(Stored dataset items)
━━━━━━
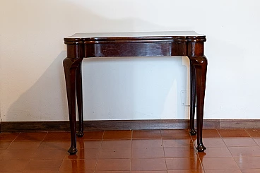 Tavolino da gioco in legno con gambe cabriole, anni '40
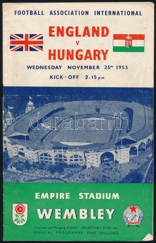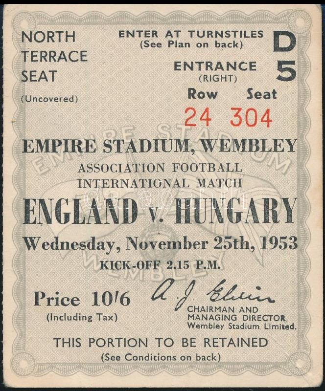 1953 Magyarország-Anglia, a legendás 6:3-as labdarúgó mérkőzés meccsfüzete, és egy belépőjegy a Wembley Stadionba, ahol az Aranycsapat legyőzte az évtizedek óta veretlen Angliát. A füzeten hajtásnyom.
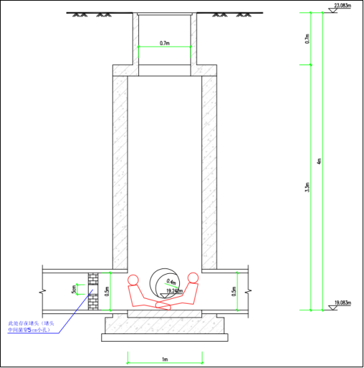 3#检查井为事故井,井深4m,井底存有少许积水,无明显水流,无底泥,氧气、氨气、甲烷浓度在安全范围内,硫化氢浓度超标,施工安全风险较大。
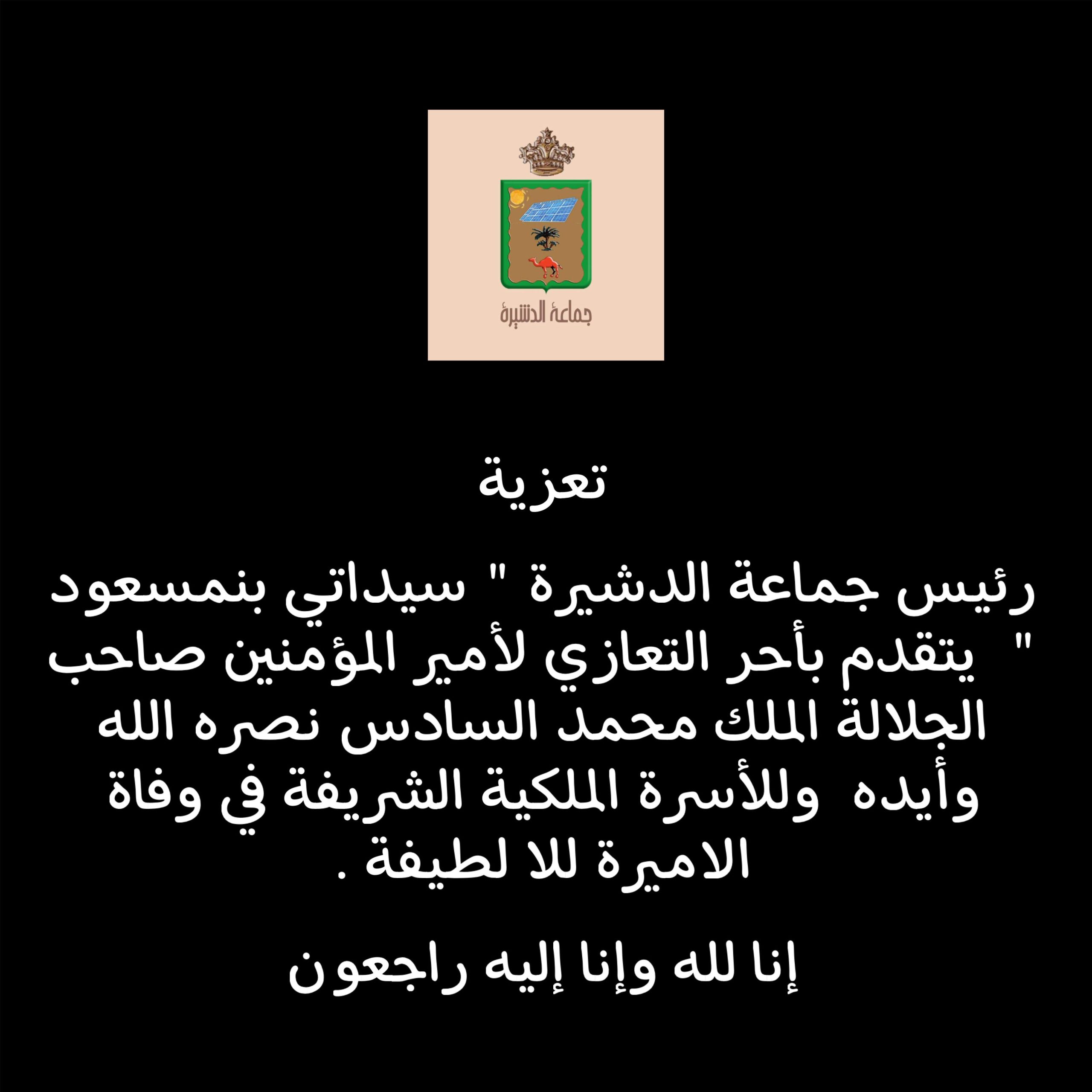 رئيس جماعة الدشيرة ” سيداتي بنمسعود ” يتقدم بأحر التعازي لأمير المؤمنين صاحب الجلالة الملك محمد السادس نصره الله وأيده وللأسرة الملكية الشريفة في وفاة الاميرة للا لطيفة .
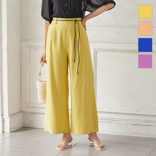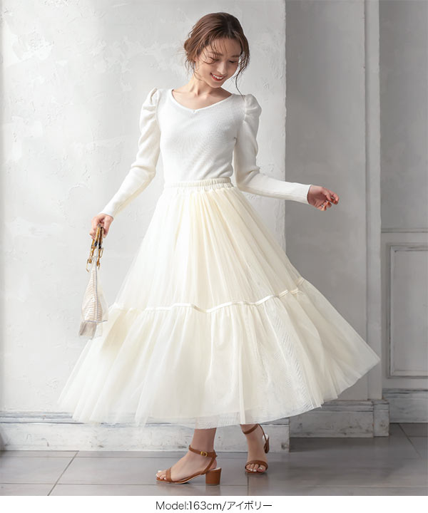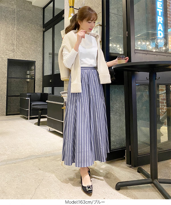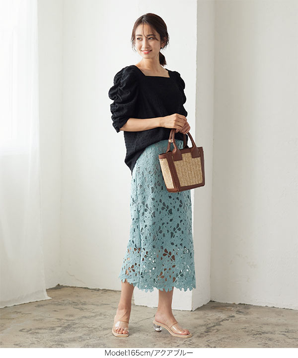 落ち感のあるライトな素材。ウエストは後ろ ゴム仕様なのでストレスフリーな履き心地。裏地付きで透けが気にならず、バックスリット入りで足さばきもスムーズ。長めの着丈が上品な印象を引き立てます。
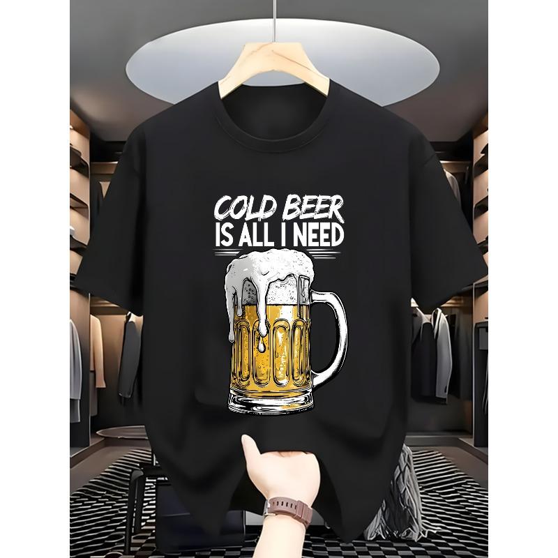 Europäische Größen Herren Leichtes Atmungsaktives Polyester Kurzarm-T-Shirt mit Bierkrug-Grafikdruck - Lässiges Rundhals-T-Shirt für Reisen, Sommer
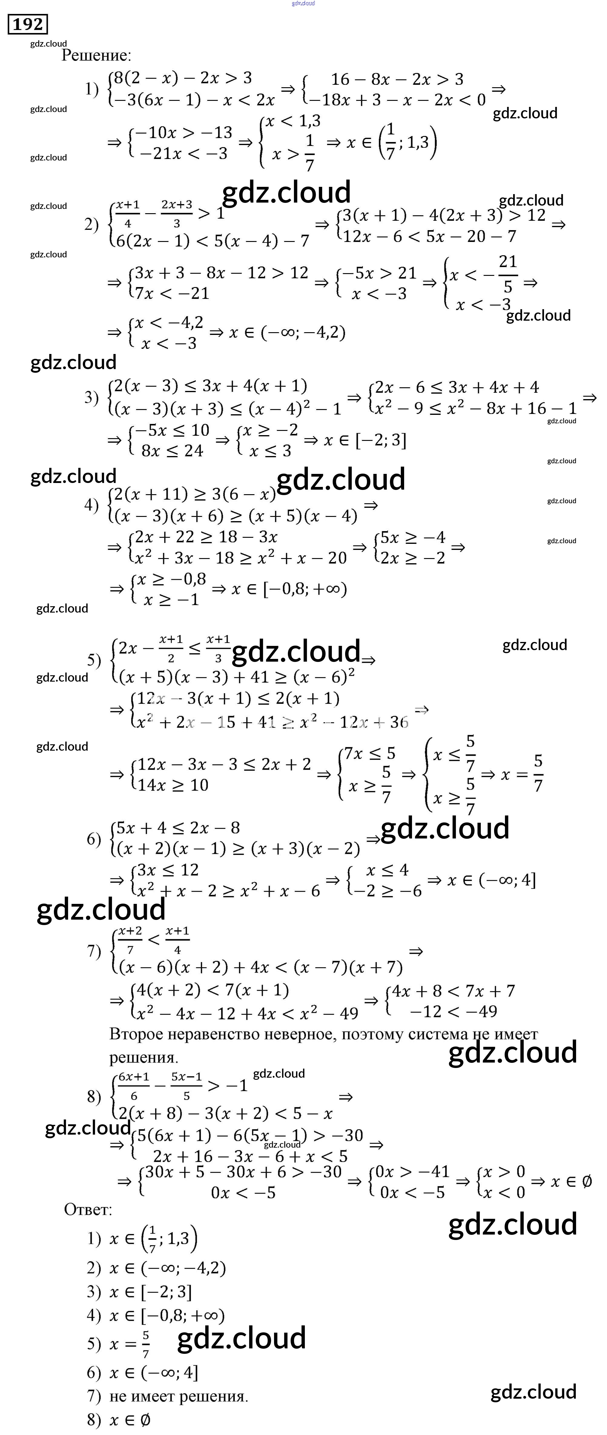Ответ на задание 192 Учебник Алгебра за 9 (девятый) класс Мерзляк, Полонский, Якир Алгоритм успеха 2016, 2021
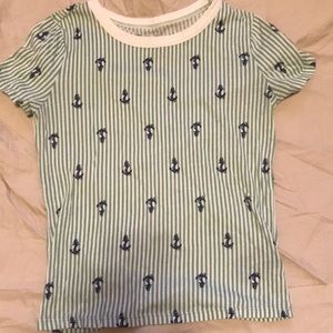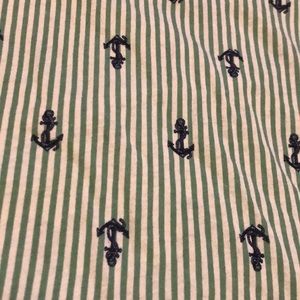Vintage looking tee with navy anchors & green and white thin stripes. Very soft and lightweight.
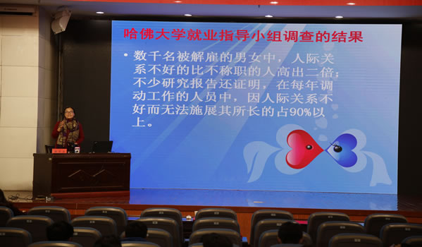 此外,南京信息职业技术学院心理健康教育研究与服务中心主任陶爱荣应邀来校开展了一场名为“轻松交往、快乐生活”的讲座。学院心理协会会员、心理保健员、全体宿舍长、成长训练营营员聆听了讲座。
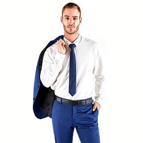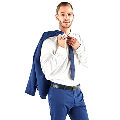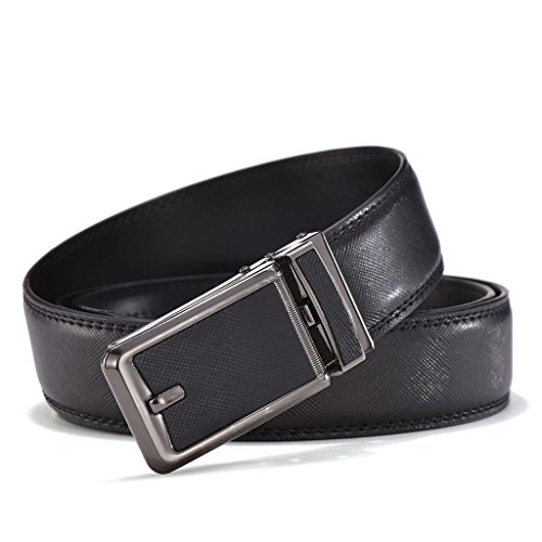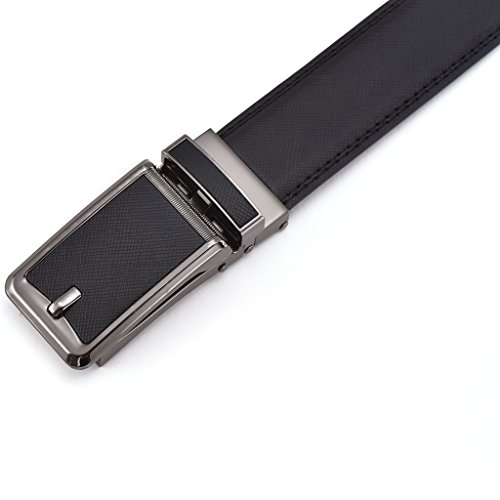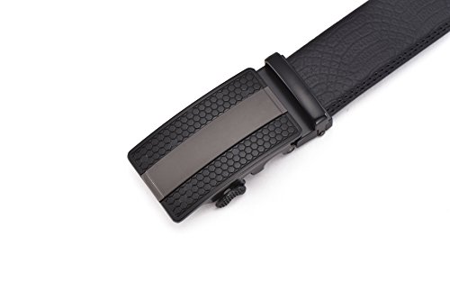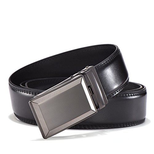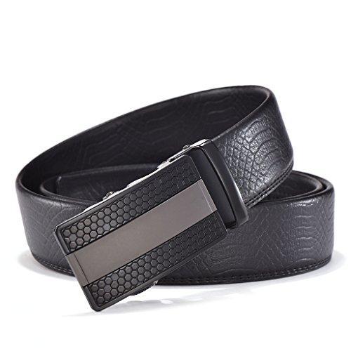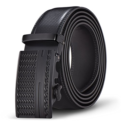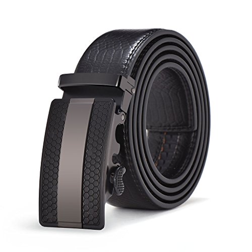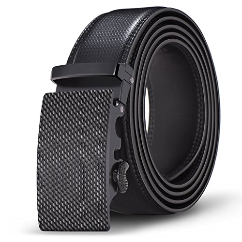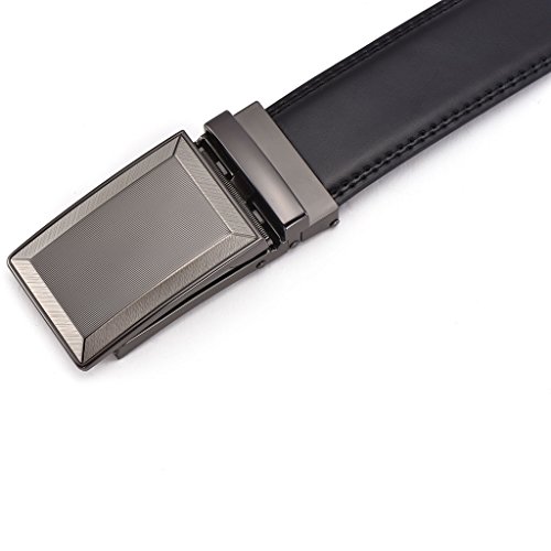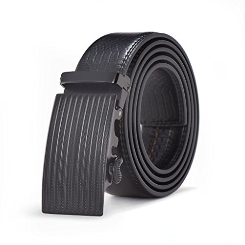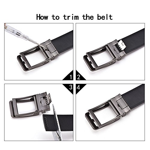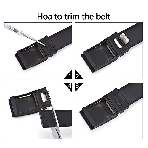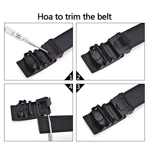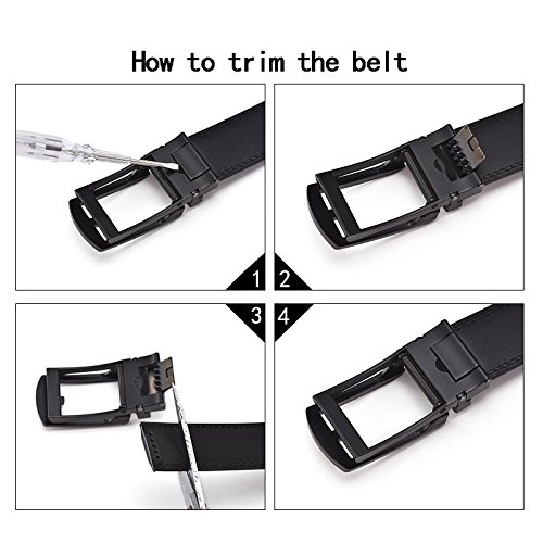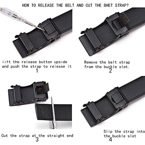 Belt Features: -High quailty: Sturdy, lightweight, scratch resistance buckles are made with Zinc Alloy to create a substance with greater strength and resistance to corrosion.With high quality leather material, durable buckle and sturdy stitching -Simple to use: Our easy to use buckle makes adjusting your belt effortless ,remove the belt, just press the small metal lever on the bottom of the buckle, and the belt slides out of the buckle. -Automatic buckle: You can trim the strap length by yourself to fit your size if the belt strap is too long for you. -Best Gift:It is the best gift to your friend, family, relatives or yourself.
━━━━━━
_WHAT TO WORK ON_: Leave every image out and retype the entries above word for word.

_SOLUTION TO THE PROBLEM_:
 Tavolino da gioco in legno con gambe cabriole, anni '40
 1953 Magyarország-Anglia, a legendás 6:3-as labdarúgó mérkőzés meccsfüzete, és egy belépőjegy a Wembley Stadionba, ahol az Aranycsapat legyőzte az évtizedek óta veretlen Angliát. A füzeten hajtásnyom.
 3#检查井为事故井,井深4m,井底存有少许积水,无明显水流,无底泥,氧气、氨气、甲烷浓度在安全范围内,硫化氢浓度超标,施工安全风险较大。
 رئيس جماعة الدشيرة ” سيداتي بنمسعود ” يتقدم بأحر التعازي لأمير المؤمنين صاحب الجلالة الملك محمد السادس نصره الله وأيده وللأسرة الملكية الشريفة في وفاة الاميرة للا لطيفة .
 落ち感のあるライトな素材。ウエストは後ろ ゴム仕様なのでストレスフリーな履き心地。裏地付きで透けが気にならず、バックスリット入りで足さばきもスムーズ。長めの着丈が上品な印象を引き立てます。
 Europäische Größen Herren Leichtes Atmungsaktives Polyester Kurzarm-T-Shirt mit Bierkrug-Grafikdruck - Lässiges Rundhals-T-Shirt für Reisen, Sommer
Ответ на задание 192 Учебник Алгебра за 9 (девятый) класс Мерзляк, Полонский, Якир Алгоритм успеха 2016, 2021
Vintage looking tee with navy anchors & green and white thin stripes. Very soft and lightweight.
 此外,南京信息职业技术学院心理健康教育研究与服务中心主任陶爱荣应邀来校开展了一场名为“轻松交往、快乐生活”的讲座。学院心理协会会员、心理保健员、全体宿舍长、成长训练营营员聆听了讲座。
 Belt Features: -High quailty: Sturdy, lightweight, scratch resistance buckles are made with Zinc Alloy to create a substance with greater strength and resistance to corrosion.With high quality leather material, durable buckle and sturdy stitching -Simple to use: Our easy to use buckle makes adjusting your belt effortless ,remove the belt, just press the small metal lever on the bottom of the buckle, and the belt slides out of the buckle. -Automatic buckle: You can trim the strap length by yourself to fit your size if the belt strap is too long for you. -Best Gift:It is the best gift to your friend, family, relatives or yourself.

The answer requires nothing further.